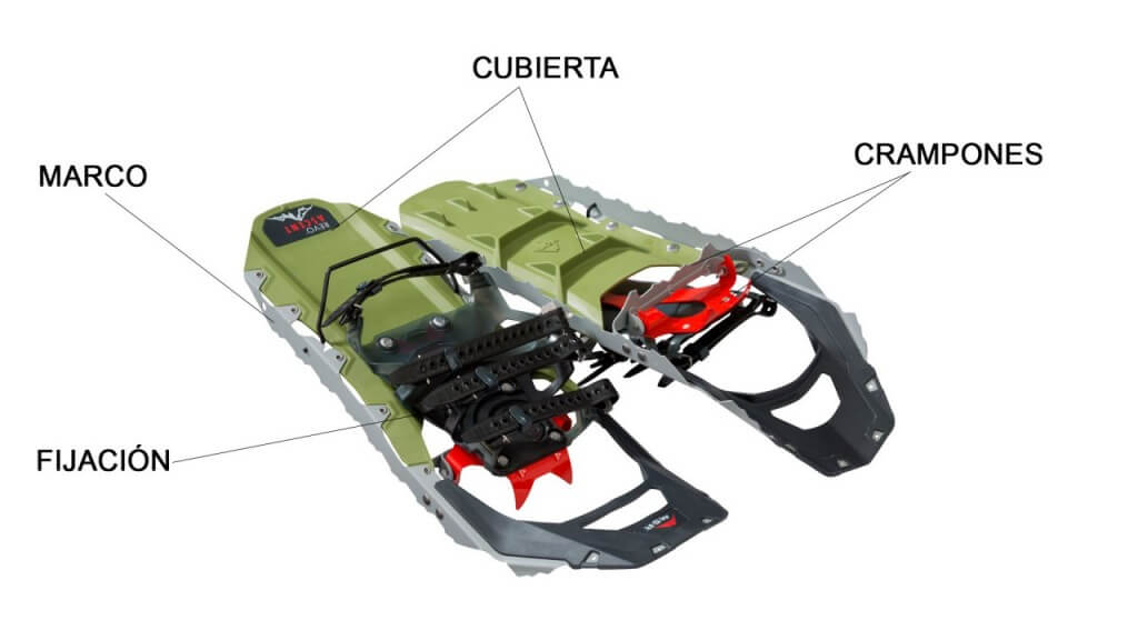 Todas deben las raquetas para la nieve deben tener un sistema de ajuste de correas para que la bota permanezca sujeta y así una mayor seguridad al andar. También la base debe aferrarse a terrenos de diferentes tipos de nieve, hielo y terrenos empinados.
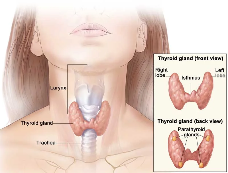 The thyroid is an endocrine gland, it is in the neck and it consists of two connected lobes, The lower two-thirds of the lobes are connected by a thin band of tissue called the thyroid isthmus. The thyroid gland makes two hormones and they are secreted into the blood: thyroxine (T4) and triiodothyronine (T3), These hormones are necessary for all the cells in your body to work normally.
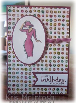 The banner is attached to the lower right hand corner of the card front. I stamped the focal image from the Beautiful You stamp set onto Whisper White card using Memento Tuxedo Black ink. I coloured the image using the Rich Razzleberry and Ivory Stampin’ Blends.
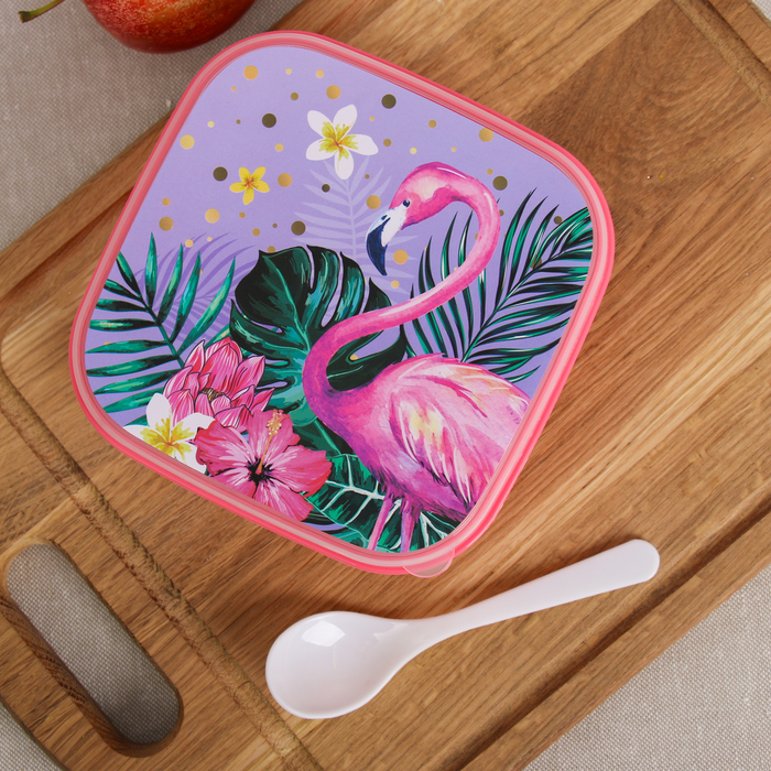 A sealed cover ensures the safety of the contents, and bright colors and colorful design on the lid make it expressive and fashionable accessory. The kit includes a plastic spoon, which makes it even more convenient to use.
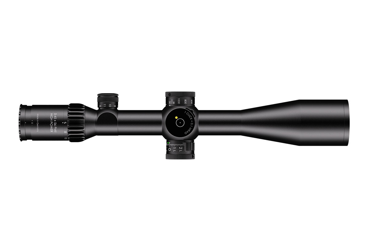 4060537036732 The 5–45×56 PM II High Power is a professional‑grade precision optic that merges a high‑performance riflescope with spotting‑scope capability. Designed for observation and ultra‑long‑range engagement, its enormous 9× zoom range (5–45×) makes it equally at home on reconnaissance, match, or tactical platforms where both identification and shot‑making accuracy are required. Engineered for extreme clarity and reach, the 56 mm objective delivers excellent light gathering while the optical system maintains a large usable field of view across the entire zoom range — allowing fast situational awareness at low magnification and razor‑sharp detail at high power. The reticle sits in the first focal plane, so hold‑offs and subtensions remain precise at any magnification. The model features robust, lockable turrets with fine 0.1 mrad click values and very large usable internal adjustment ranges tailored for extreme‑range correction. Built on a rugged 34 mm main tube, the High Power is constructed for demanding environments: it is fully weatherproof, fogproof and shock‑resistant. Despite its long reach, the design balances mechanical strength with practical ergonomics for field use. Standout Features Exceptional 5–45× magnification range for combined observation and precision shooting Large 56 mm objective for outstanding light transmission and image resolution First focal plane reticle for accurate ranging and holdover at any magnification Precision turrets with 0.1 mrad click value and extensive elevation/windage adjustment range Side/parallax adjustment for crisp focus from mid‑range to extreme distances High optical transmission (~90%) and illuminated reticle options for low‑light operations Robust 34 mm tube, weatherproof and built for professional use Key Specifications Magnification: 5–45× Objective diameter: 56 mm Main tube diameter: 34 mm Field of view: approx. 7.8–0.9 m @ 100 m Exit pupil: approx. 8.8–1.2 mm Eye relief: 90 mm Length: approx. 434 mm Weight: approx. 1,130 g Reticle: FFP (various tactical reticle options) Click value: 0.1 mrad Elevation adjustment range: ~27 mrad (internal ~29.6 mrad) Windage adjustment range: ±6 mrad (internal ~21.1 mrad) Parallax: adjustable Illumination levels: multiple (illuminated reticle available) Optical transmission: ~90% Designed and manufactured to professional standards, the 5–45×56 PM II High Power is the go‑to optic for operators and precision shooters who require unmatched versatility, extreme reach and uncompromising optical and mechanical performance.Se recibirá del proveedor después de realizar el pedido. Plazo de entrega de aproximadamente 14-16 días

-- -- --

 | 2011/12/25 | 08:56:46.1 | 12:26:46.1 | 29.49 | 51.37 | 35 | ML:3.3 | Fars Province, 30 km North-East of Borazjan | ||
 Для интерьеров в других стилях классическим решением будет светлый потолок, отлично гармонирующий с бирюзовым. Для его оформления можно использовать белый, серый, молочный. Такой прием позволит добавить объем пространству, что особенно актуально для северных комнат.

-- -- --

_Work item_
In the material above, which lines fall between the one holding "Todas deben las" and the one holding "A sealed cover", inclusive? Print exactly those, with the pictures left out.

_Exercise response_
 Todas deben las raquetas para la nieve deben tener un sistema de ajuste de correas para que la bota permanezca sujeta y así una mayor seguridad al andar. También la base debe aferrarse a terrenos de diferentes tipos de nieve, hielo y terrenos empinados.
 The thyroid is an endocrine gland, it is in the neck and it consists of two connected lobes, The lower two-thirds of the lobes are connected by a thin band of tissue called the thyroid isthmus. The thyroid gland makes two hormones and they are secreted into the blood: thyroxine (T4) and triiodothyronine (T3), These hormones are necessary for all the cells in your body to work normally.
 The banner is attached to the lower right hand corner of the card front. I stamped the focal image from the Beautiful You stamp set onto Whisper White card using Memento Tuxedo Black ink. I coloured the image using the Rich Razzleberry and Ivory Stampin’ Blends.
 A sealed cover ensures the safety of the contents, and bright colors and colorful design on the lid make it expressive and fashionable accessory. The kit includes a plastic spoon, which makes it even more convenient to use.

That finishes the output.